After the fifth transfer, the laboratory may purchase another culture from a type
culture collection or re-identify the culture for key biochemical and physiological
characteristics using nationally or internationally recognized reference sources.
Alternatively, the type culture may be grown, then freeze dried, kept in frozen
storage, etc. and used periodically thereby extending the length of time after which
they must be repurchased or re-identified.
5.6.3.2
Reference materials may either be in pure form or in desired matrix.
5.7
Sampling
Laboratories may need to provide sampling protocols to their clients which includes
collection, handling, packaging and transportation. Preserving sample integrity and
preventing contamination are important issues, especially when dealing with a
perishable product and the possibility of cross contamination. Where laboratory is to
report on the results for a food shipment, valid statistical sampling is required and a
component for variation should be included in the uncertainty estimate.

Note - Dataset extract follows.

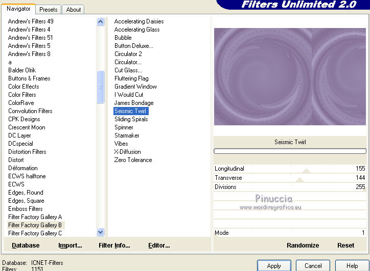 7. Effets>Modules Externes>Filters unlimited 2.0 - Filter Factory Gallery B - Seismic Twirl.

Sampling includes sub-sampling in the laboratory. Therefore, policy and procedures
for sub-sampling must be documented and validated. Solid foods provide particular
challenges.
5.7.1.2
Food sampling for microbiological analysis (enclosed as Annexure A).
5.8
Handling of Test and Calibration Items
5.8.1
It is critical for food testing laboratories to preserve sample integrity and to avoid
contamination and deterioration. Food is frequently perishable and should be stored
in a manner to prevent deterioration such as refrigeration for short time storage.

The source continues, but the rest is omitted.